> And even then, I can see where AMD was going. The main point of SMT is to shar...

monocasa · on Jan 23, 2023

> Sure, but wouldn't it be ideal that if a thread wasn't using its integer unit and the other thread had code that could run on it, you'd allow the other thread to run?

> "CMT" is literally just "SMT with dedicated resources" and that's a suboptimal choice because it impairs per-thread performance in situations where there's not anything to run on that unit. Sharing is better.

> If the scheduler is insufficiently fair, that's a problem that can be solved. Guarantee that if there is enough work, that each thread gets one of the integer units, or guarantee a maximum latency of execution. But preventing a thread from using an integer unit that's available is just wasted cycles, and that's what CMT does.

Essentially, no, what you're suggesting is a really poor choice for the gate count and numbers of execution units in a Jaguar.
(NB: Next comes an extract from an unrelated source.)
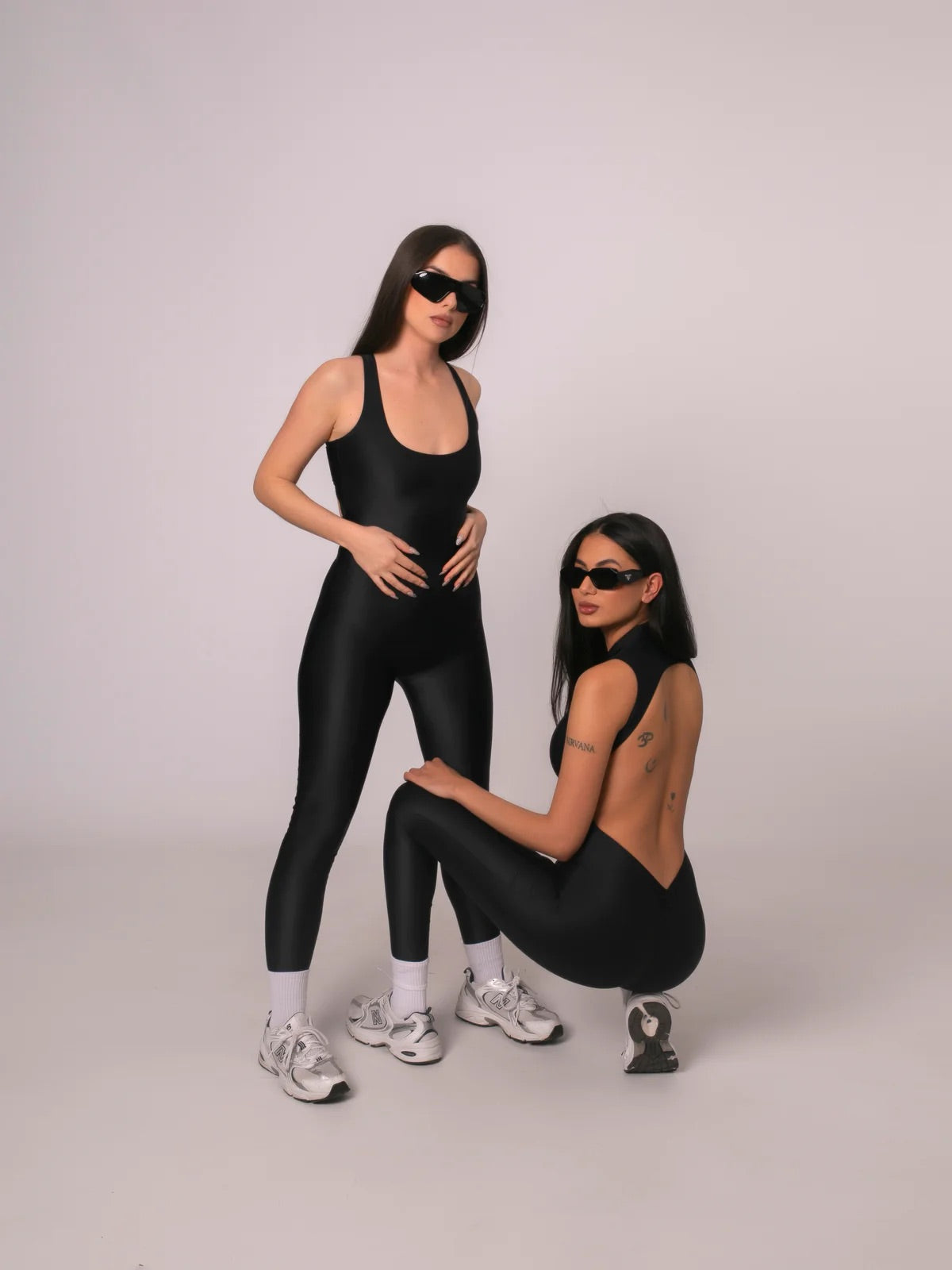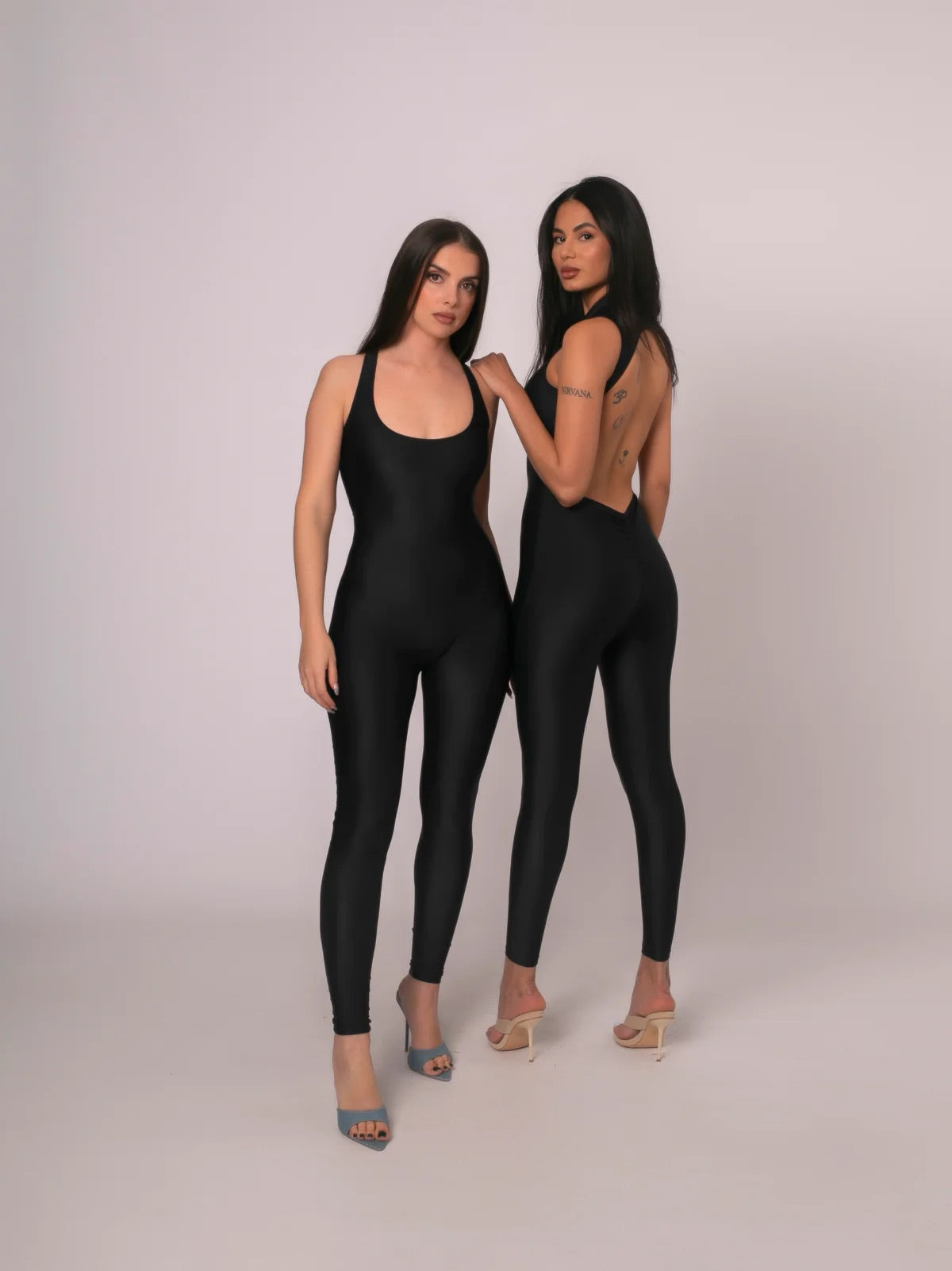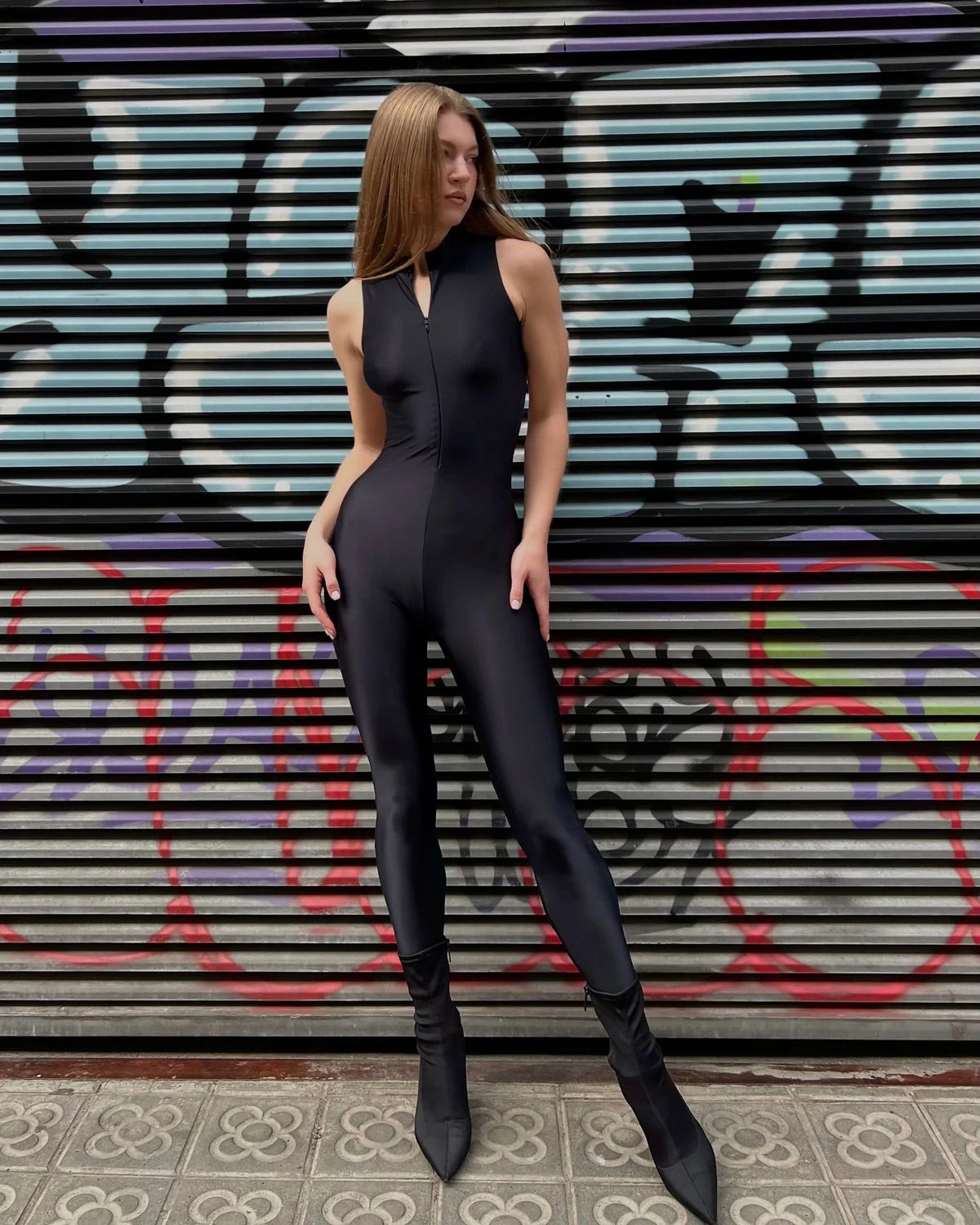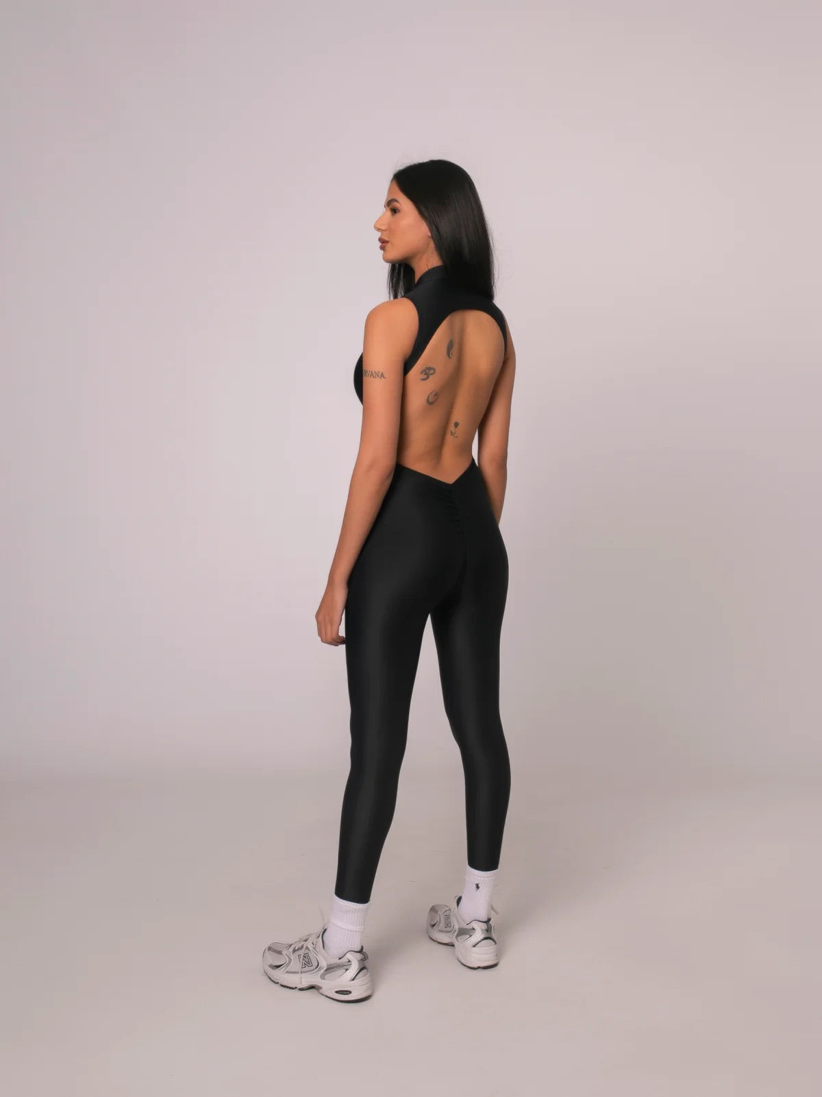 Black compression lycra jumpsuit with front zipper and super pronounced neckline on the back. Gathered push up effect to enhance the buttocks.

The most expensive parts are the ROBs and their associated bypass networks between the execution units. Doubling that combinatorial complexity would probably lead to a much larger, hotter single core that wouldn't clock nearly as fast (or have so many pipeline stages that branches are way more expensive (aka the netburst model)).

> And you can note the "such as" in the summary, even. That is an expansive term, meaning "including but not limited to".

Well, except that I argue it doesn't include those at all; shared L2 is extremely common, and shared FPU is common enough that people don't really bat an eye at it.

> If you feel that was not addressed in the lawsuit and it was incorrectly settled... please cite.

I'm going off your own citation. If you feel that after that these were brought up in the court case itself you're more than welcome to cite another example (ideally not a literal tabloid, but keeping the standards of the court documents you cited before).

> With AMD, "cores" that have to alternate their datapath on every other cycle are pretty damn bottlenecked and that's not what consumers generally think of as "independent cores".

That's not how these work. OoO Cores are rarely cranking away their frontends at full tilt, instead they tend to work in batches filling up a ROB with work that will then be executed as memory dependencies are resolved. The modern solution to taking advantage of that is to aggressively downclock the front end when not being used to save power, but I can see the idea of instead keeping it clocked with the rest of the logic and simply sharing it between two backends as a valid option.